To continue from the last post, Emma Gilding's group, Insite, at Omnicom sees brand as more than just another sales tool. Instead, the focus is on the ways in which brand encourages citizenship.
Or doesn't.
“Citizens opt into a brand's rules and regulations because they get benefits from adhering to them.” In order to sell, Emma believes that the product must fulfill its promise.
Emma often talks about her work in political terms. “Brand has to have a genuine value to citizens or they fail.
Before new technology, companies could get away with a top-down approach – people had to look to the governor of the brand for the value(s) of the product”. These citizens could never be sure if they were the only ones finding or not finding the value themselves.”
These days the Web forces transparency. There’s nowhere to hide. Consumer-led groups gather to hear from and tell each other about the value of the symbol.
If a brand is not persuasive, the product is no longer a symbol – it’s just a product.
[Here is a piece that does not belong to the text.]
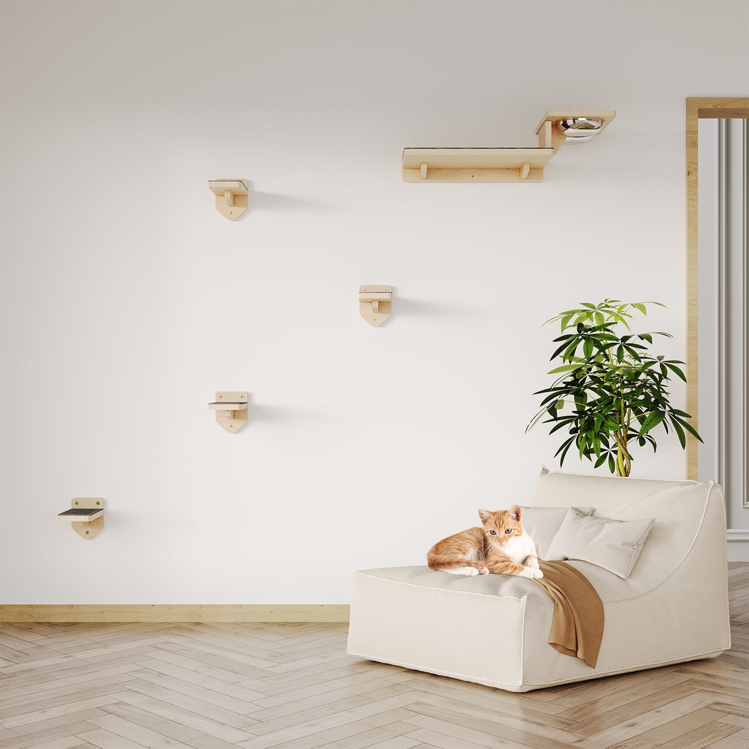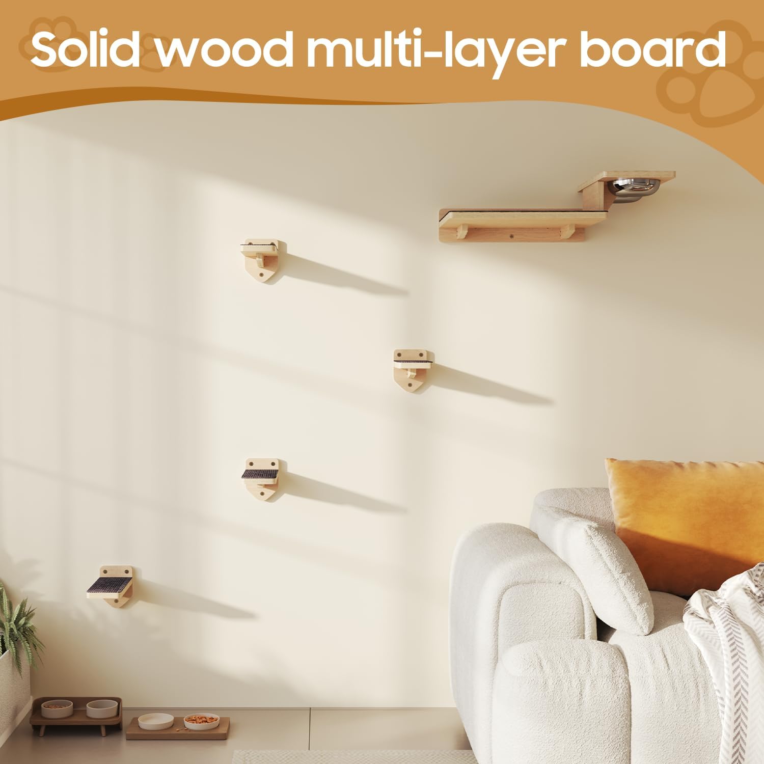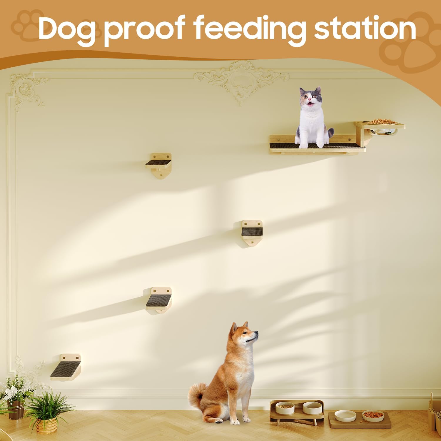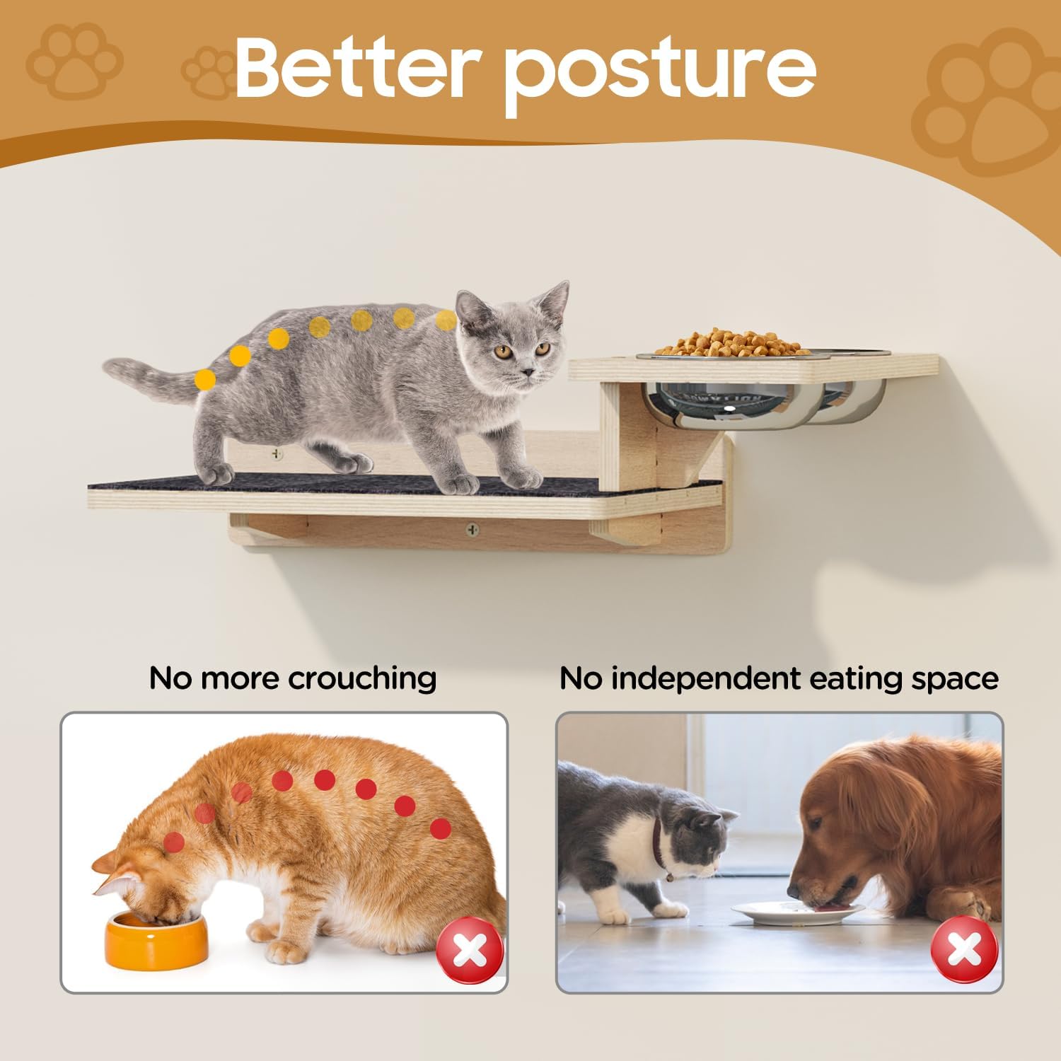 Cat wall shelves: The cat furniture is designed for climbing, perching, and providing your cat with a variety of choices for a more engaging setup. Unlike other cat wall racks, our cat wall rack features a dog-proof cat feeding station to protect your cat’s cervical spine while eating

It won't distinguish itself among its competitors.
On the other hand, a coherent and responsive conversation between a company's brand and people they target is the only way for promises to remain credible.
Learning by Example
Perhaps the most famous illustration of a failure to really enagage with people who buy a product exists in the famous Mentos/Coke video. Mentos was thrilled and encouraged the distribution.
Coke, on the other hand, objected. Their brand stated “Coke is fun,” but executives put out the message that “this isn’t the sort of fun Coke means.”
“The citizens of the coke world spoke up – just like any civilization,” says Emma. “To them the explosion WAS fun.” In a democracy, if you deny the voice of the people, the brand fails -- or at least is weakened."
And no one will buy what you're selling.